Understand Natural Lighting
Another aspect of wildlife photography that is beyond your control is the lighting. It’s safe to assume that most of your photography will be done in the daytime. Depending on the exact hour that you’re there, the light coming from the Sun may be too harsh for your images. So, you’ll need to set the Fuji XT1 in such a way that your subject is still clear, and your pictures aren’t over-exposed.
Always remember: you don’t control much when it comes to wildlife photography. You can’t bring your flashes with you, nor can you even use the built-in flash on the camera. Not only will it ruin the image, you’ll probably scare the animals away as well!
Out in nature, even the lighting can go from one extreme to the other within moments. You may be experiencing harsh, bright lighting thanks to the hot Sun. Moments later, dark clouds may roll in and leave you in the dark, quite literally! Wherever you decide to do your wildlife photography, be sure to learn a litlte bit about the weather. That’ll give you a rough estimate of what your lighting conditions will be.
With enough understanding and a little bit of planning on your part, these changes in natural light won’t bother you much. You can just adapt and adjust your camera to make the most out of what you’ve got. See, that’s the key to doing wildlife photography with the Fuji XT1. You have to learn to make the most of whatever Mother Nature throws at you!
They say that patience is a virtue. That’s true. But when it comes to wildlife photography, patience is probably one of the most important things you need to bring with you. Patience can mean the difference between a productive day out in nature, or you returning home empty handed.
Patience can’t be bought, but it definitely can be trained. You may not have much patience the first few times you do wildlife photography. But over time and with practice, you’ll find that it gets much easier to be patient when attempting to capture your next impressive wildlife photo.
Still, what does it mean to be patient in the context of wildlife photography? It means that when you are standing there out in the open field with your Fuji XT1, you need to understand that things may change. As a matter of fact, you should expect things to change, almost as if its a certainty.
Most importantly, as discussed with the previous tips above, you should try to understand HOW those things may change.The animals you’re tracking might suddenly run away from you. A storm may suddenly kick in, trapping you under a tree. It’s much easier to be patient when these things happen if you anticipate them ahead of time.

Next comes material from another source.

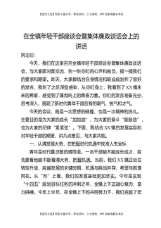 在全镇年轻干部座谈会暨集体廉政谈话会上的讲话.docx

So, one of the best ways to increase your patience is to do your homework. Understand your gear, understand your animal subjects, and understand the environment you’re going into. That way, your patience will last much longer than that of someone who came unprepared.

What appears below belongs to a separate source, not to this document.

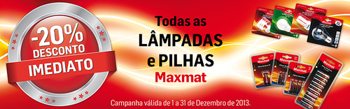 Aproveite mais uma promoção Maxmat para que consiga comprar sempre com os habituais preços baixos. São várias as oportunidades e descontos disponíveis. Trata-se de uma campanha com 20% de Desconto Imediato em todas as lâmpadas e pilhas e válida de 1 de Dezembro a 31 de Dezembro.

Let’s be honest. If it’s not fun to do, it’s not worth doing at all. The same is true when it comes to wildlife photography. After all, you didn’t buy the Fuji XT1 just to be miserable using it, right? No, you want to capture some great photographs but have a fun time while doing that.
Having fun with wildlife photography isn’t always easy. As you can see from the tips above, it takes a bit of work to get it right. The challenges are plenty, and the rewards aren’t always guaranteed.

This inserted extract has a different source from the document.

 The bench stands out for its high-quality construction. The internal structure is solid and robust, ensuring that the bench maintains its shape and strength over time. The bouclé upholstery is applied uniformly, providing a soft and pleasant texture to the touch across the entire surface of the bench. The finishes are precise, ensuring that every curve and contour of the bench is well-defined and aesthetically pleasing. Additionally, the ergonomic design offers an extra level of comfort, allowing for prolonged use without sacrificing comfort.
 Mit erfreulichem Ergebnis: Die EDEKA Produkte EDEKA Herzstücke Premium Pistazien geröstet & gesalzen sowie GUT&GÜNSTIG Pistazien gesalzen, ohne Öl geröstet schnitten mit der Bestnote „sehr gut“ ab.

One piece of advice here is to imagine the positives. Yes, I know this sounds like another piece of ‘look on the bright side’ kind of advice. But the truth is, if you imagine things going right, then at least you know what you’re working hard for.
So, what does it look like when wildlife photography goes right? What does it look like when it’s really fun to do?
Well, wildlife photography is fun when you’re out in the wild with nothing holding you back. You can play around with how you frame your shots and try out new things you normally wouldn’t do. Better yet, you get to photograph some of nature’s most beautiful animals. While you do that, you might even have some fun interactions with your animal subjects up close!
Wildlife photography is anything but easy, and it’s not always comfortable. Still, it is an incredibly rewarding form of photography, which is why so many people do it. It’s definitely worth the effort you put into it.